Alright, guys, pop quiz time! The person above is: a) Doug
b) Danny Basham
b) Bert Basham
d) None of the above.
And what’s up with the Basham Brothers? I mean, honestly, I have no idea. Do they even exist anymore? I mean, I know that a couple people that bear a slight resemblance to what I vaguely remember to be the Bashams appeared on Smackdown a couple weeks ago to serve as lumberjacks in the Kurt Angle vs. Eddie Guerrero match, but my inside sources could not come through in time to confirm that it was in fact them. Seems like no one can quite remember what exactly they look like, which is a big problem for them.
Seems to me that if WWE got behind their tag team division in any kind of serious way, the Bashams could be utilized as a vital part of that division. Instead, they are lucky to appear on the dark match before the Velocity tapings most weeks. Again, this has nothing to do with WWE’s general incompetence, but rather has to do with what a taboo topic the Bashams are for discussion on the Torch message board.

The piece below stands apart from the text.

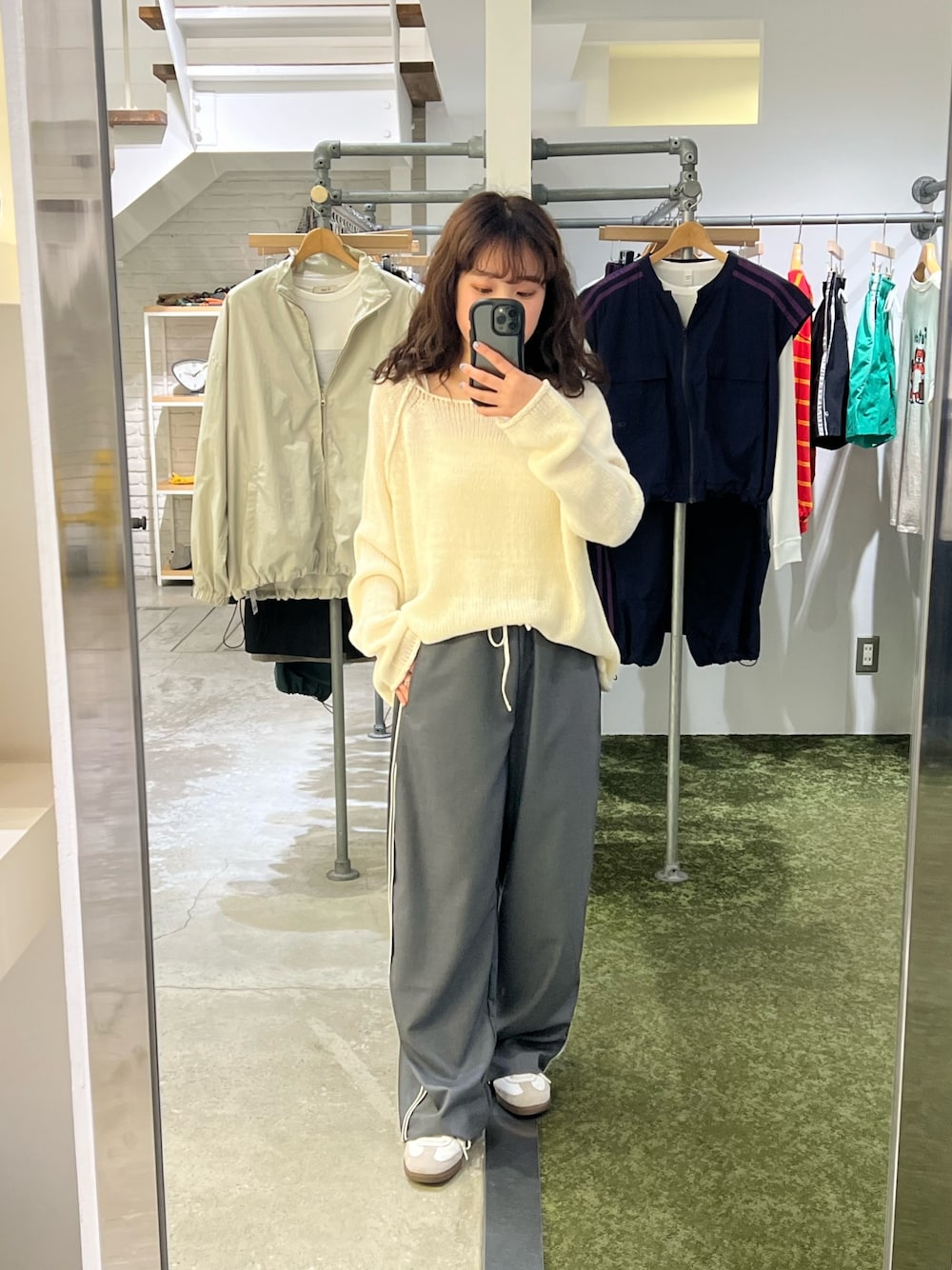 トップスのラグランサマーニットは程よい透け感と柔らかい素材で使いやすいです◎ パンツはサラッとした生地感と細めのラインが大人カジュアルで可愛い✨️

And what about Shane McMahon? Glad you asked. He’s a snot nosed, silver spooned piece of crap that hogs up too much television time when he’s featured on the shows, refuses to lose even to top wrestlers like Kane and shows up in jogging pants and tennis shoes because he doesn’t care about the wrestling business. The only reason he’s in it is because his father owns the company. That’s my story and I’m sticking to it.
Dusty Giebink writes about topics too strong for the Torch on this fine website on a semi-consistent basis out of the goodness of his heart. He feels very strongly about the fact that the key to turning business around for NWA TNA is hiring a dancing bear to replace Vince Russo and do the booking for the company.